Litvack agreed with a questioning reporter that the film suggested the idea of life as opera and exposed the doubling in life by a series of doublings, and doublings of doublings. It is Litvack's directorial debut and he commented that it was fitting that the film be screened in Cairo since it was through Youssef Chahine (with whom he worked as assistant director on Caligula at the Comedie Francaise in 1992) that he was introduced to Merchant. Asked why he should take the risk of producing a directorial debut Merchant replied that the history Merchant- Ivory Films has been of 40 years of risks. Merchant expressed support for the Palestinian cause, one that is important to him as an Indian. In today's society, he added, we cannot live in an uncivilised way. People from all over the world have one thing in common, the appreciation of human beings, he stressed.
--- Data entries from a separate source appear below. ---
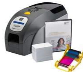
Máy in Zebra - USA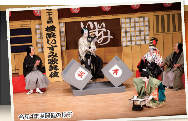
令和4年度開催の様子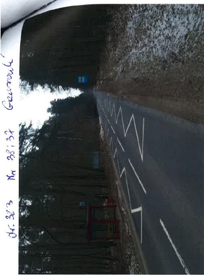
Dr. 323 Nr 38 i 37 Garsmole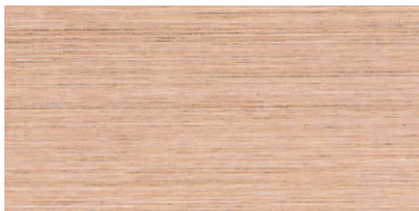
木目2: ブラウン (WB)

※上記の色見本は印刷の関係上、実物と多少異なることがあります。 サイズにより、表情が異なります。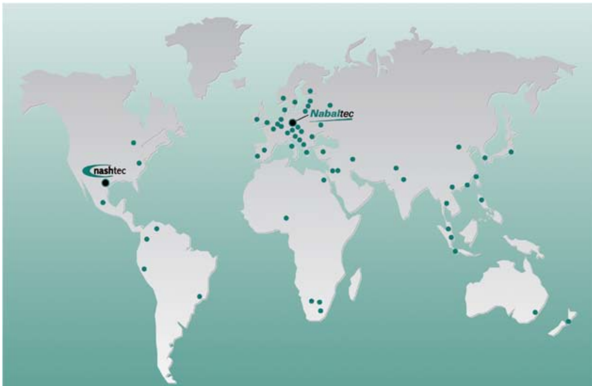
Nabaltec und Vertriebspartner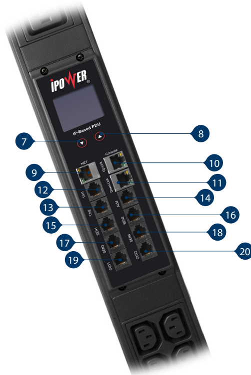
Controlling Module Introduction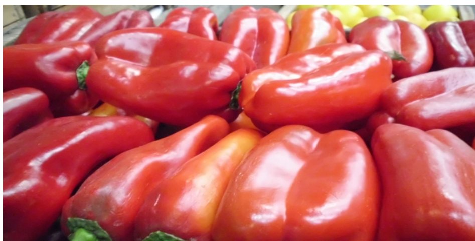
valor kilo canasta

The force of the people is stronger than politicians and religious leaders; we have to fight for the human cause, the right cause.
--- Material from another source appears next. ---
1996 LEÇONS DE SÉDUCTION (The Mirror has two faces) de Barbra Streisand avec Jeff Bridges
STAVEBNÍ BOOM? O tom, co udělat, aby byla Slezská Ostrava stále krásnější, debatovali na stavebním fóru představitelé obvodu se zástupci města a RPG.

Following the screening of Cacoyannis's The Cherry Orchard (1999) the director recalled his directorial debut, Windfall in Athens (1953), filmed at the Nahhas Studio in Cairo. On one occasion, Cacoyannis said, he was told that a group of very important officers had arrived without prior arrangement in the studio. Cacoyannis walked right up to their leader saying, "When you are at your desk, do you like to have someone looking over your shoulder?" The leader apologised for the intrusion and left the studio immediately. A year later Cacoyannis discovered that the man in question was Nasser.
Asked about his choice of a Chekhov play to produce for cinema, Cacoyannis said he has always been "an actor's director, and that Chekhov was ideal for casting outstanding actors." He added that one of the most flattering tributes he received through his long career was in Moscow when after screening The Cherry Orchard, he was told by a distinguished array of Russian cineastes that it had taken a Greek to show the Russians how to deal with the playwright on screen. Cacoyannis also revealed during the press conference that he was contemplating making a film about Alexandria and Greek Alexandrians inspired by the life and works of Constantine Cavafy.
Only two senior film critics provided their services as conference coordinators -- Youssef Cherif Rizkallah and Rafiq El-Sabban -- which, besides making their job doubly difficult, meant that many conferences were poorly, if at all, coordinated.
The brilliance of Saura's Tango notwithstanding, the press conference that followed its screening boasted neither adequate coordination nor appropriate attendance. One younger audience member offhandedly commented that he had found the dance sequences tedious and the narrative scaffolding flimsy, in response to which the Spaniard merely pointed out that not all films appeal to all people; and when a viewer is having such a hard time that viewer can simply leave. Would Saura ever come back to the Cairo Film Festival?
"Anything is possible," the director replied equivocally. "Perhaps it will happen again one day."